Then a little project grows until there's 20 devs working on it. One day you spend hours figuring out that there's somebody made a typo and in one obscure user branch the code sets data['Username'] rather than data['username'] and this propagates through a bunch of layers until it explodes somewhere else entirely.

And then you start getting thoughts like "If I could have a hash with a fixed set of keys, or the compiler could check that for me, a lot of annoyance could have been avoided". And so you start grafting a way to get that done to your favorite language.

In my old age, I'm starting to develop the idea that writing anything big in something like Perl or Python may be a fundamentally bad idea -- you spend more time debugging issues that could have been avoided, and if you try to graft on checks afterwards it ends up that there are several slightly different and incompatible ways of doing it floating around.

Python attributes, __slots__, and API design

Posted Jul 7, 2021 19:43 UTC (Wed) by pj (subscriber, #4506) [Link]

>In my old age, I'm starting to develop the idea that writing anything big in something like Perl or Python may be a fundamentally bad idea

I tend to agree, if only because with python nothing should be 'big' - anything that might qualify should instead be broken into a bunch of modules, pulled together by a core that uses that functionality.

Python attributes, __slots__, and API design

Posted Jul 7, 2021 14:59 UTC (Wed) by pbryan (guest, #3438) [Link]

Every language undergoes evolution and Python even underwent an unpopular revolution: Python 3000 (aka. Python 3). If Python continues to evolve to meet greater and changing sets of needs, I'm all for it.

Python attributes, __slots__, and API design

Posted Jul 7, 2021 15:38 UTC (Wed) by mb (subscriber, #50428) [Link] (5 responses)

>I think it's funny how python is gradually becoming not python.

__slots__ and typing are optional.
It's up to you, as a developer, whether you use it or not.

Python doesn't become less Python, if optional features are added.

Python attributes, __slots__, and API design

Posted Jul 7, 2021 20:26 UTC (Wed) by Sesse (subscriber, #53779) [Link] (4 responses)

Programming languages are not primarily about their language definition, but by their culture. If everyone ends up using Python types, then Python programming will effectively be different: You can try to go against the grain and not use them, but every other programmer will look funny at you, every library you interface with will require them, all documentation and sample code you can find will use them.
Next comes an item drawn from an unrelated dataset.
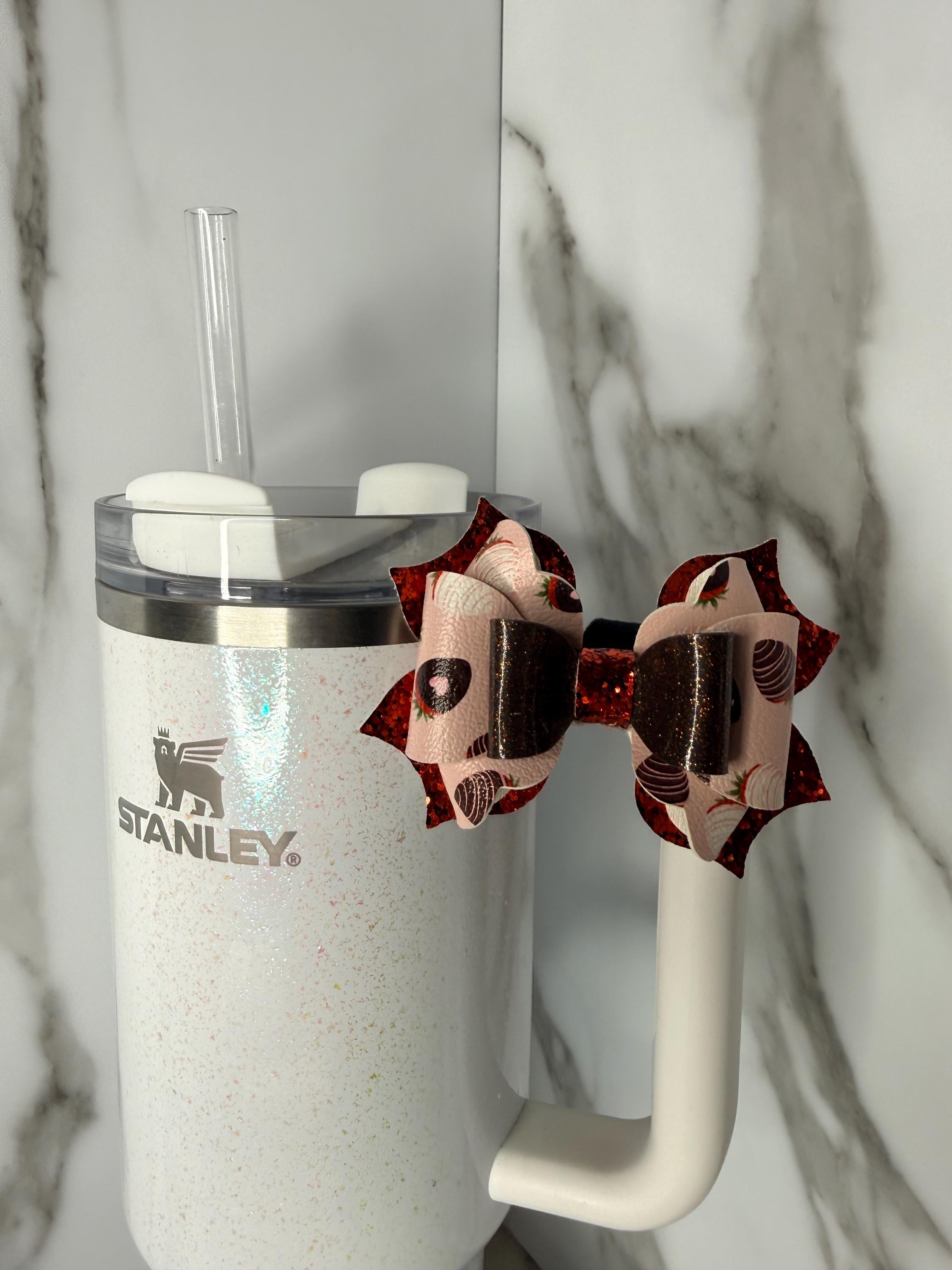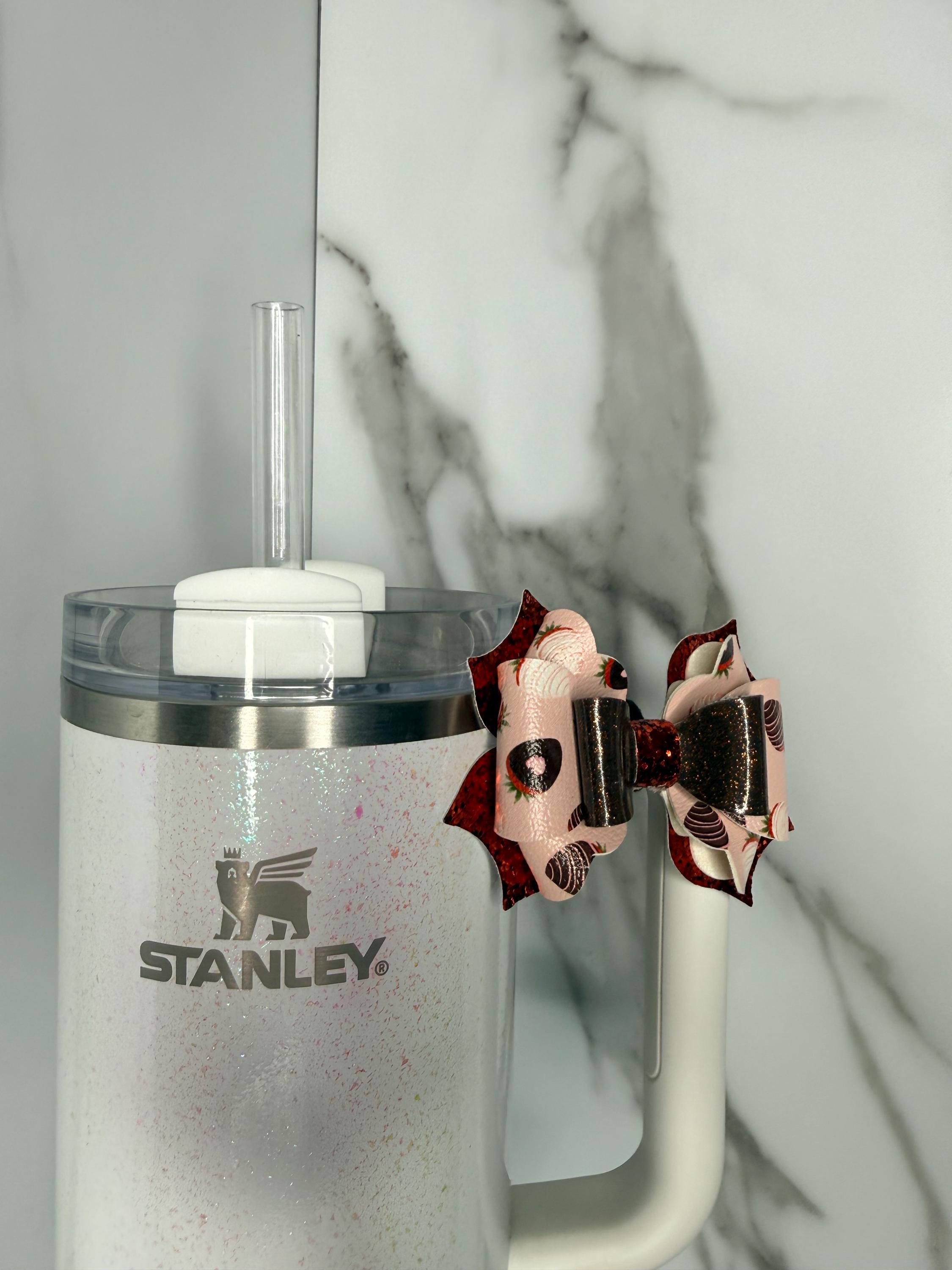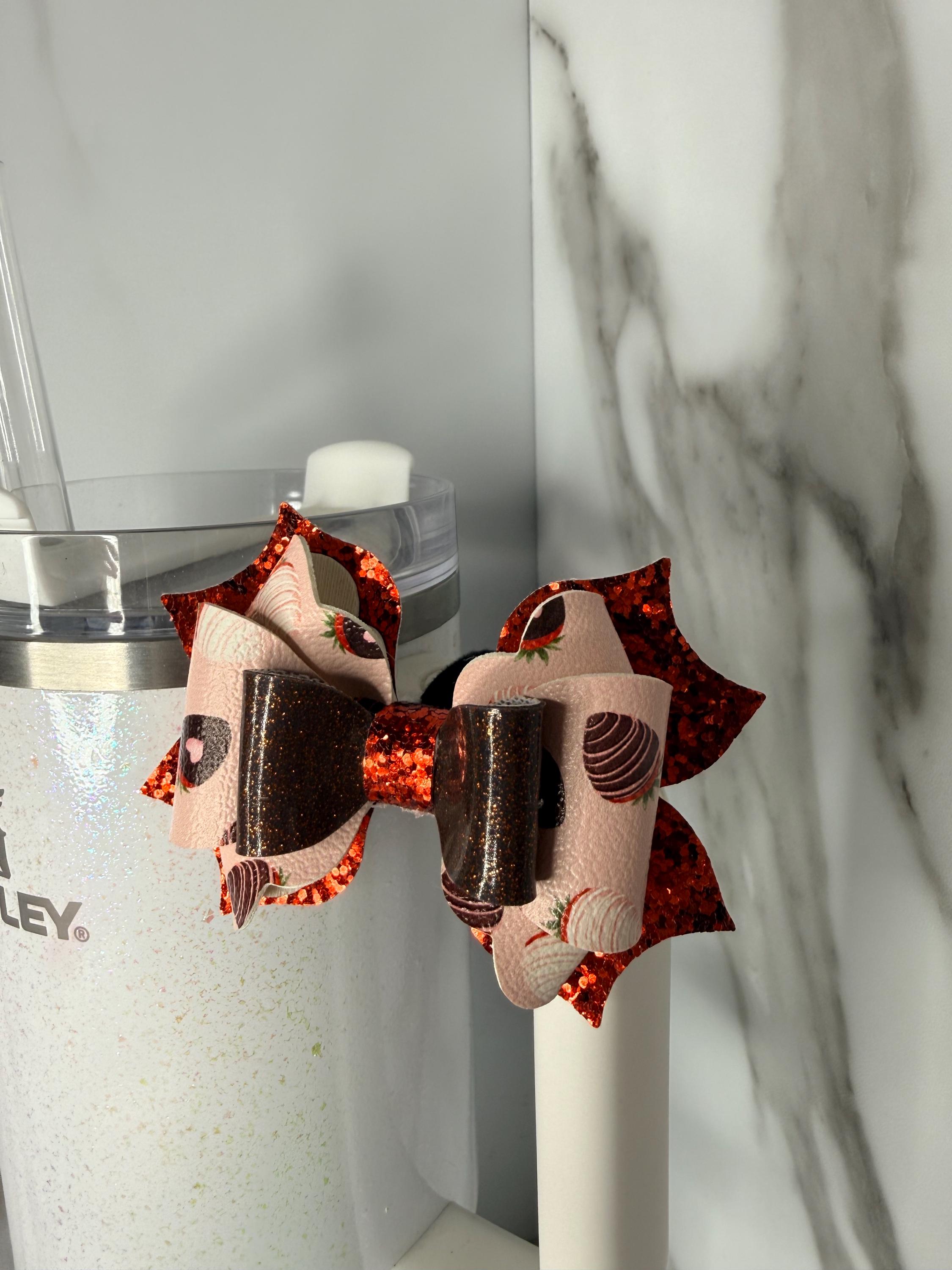 Sweeten up your cup with this chocolate dipped strawberry tumbler handle bow! Features glitter layers and dessert-themed faux leather for a fun and festive look.

It doesn't matter how optional the interpreter says they are; Python as a language has still changed. (Whether you consider programming with static typing “less Python” or not is a different question, of course.)

Python attributes, __slots__, and API design

Posted Jul 7, 2021 20:42 UTC (Wed) by mb (subscriber, #50428) [Link] (3 responses)

>every library you interface with will require them

That's not how typing works in Python.

Python attributes, __slots__, and API design

Posted Jul 7, 2021 21:52 UTC (Wed) by NYKevin (subscriber, #129325) [Link] (2 responses)

Just as a refresher for anyone who hasn't been following this, Python's static typing essentially consists of the following:

* Optional syntax for annotating the types of things. The interpreter treats this syntax as a glorified comment. It checks for basic syntactic validity and NameError, and that's about it. If you say that the type of an object is "12", or don't indicate a type at all, the interpreter is perfectly happy with that. If you write a syntax error, it will yell at you, but that's hardly a problem since you can just omit annotations altogether.
* The typing module, which includes a number of classes that let you write things like Union[foo, bar] or Optional[T]. The resulting objects are (for the most part) just opaque blobs that have reasonable-looking repr() text. They generally don't have any actual logic in them, and are just designed to remember the arguments you passed in.
* A set of linting rules for checking the types of things. CPython itself does not include a reference implementation of those rules, so the CPython interpreter is incapable of applying them. Instead, you have to download a third-party linter such as mypy. Obviously, the linter will be unhappy if an object's type is "12", but if you're running the linter, then you presumably wanted to be warned about that... right?

Hypothetically, if the entire Python community decided tomorrow that all new code must have static types, then the only problem you would have is that some people would file bugs against your project saying the linter doesn't like it. You can WONTFIX those bugs and carry on as usual, if that is your inclination. There should be no compatibility issues with anyone else's code. If you write library code, and your library is unannotated, then some people might be unhappy about that (because it would make the linter less accurate on their application code where it calls into your library), but that's arguably their problem, not yours.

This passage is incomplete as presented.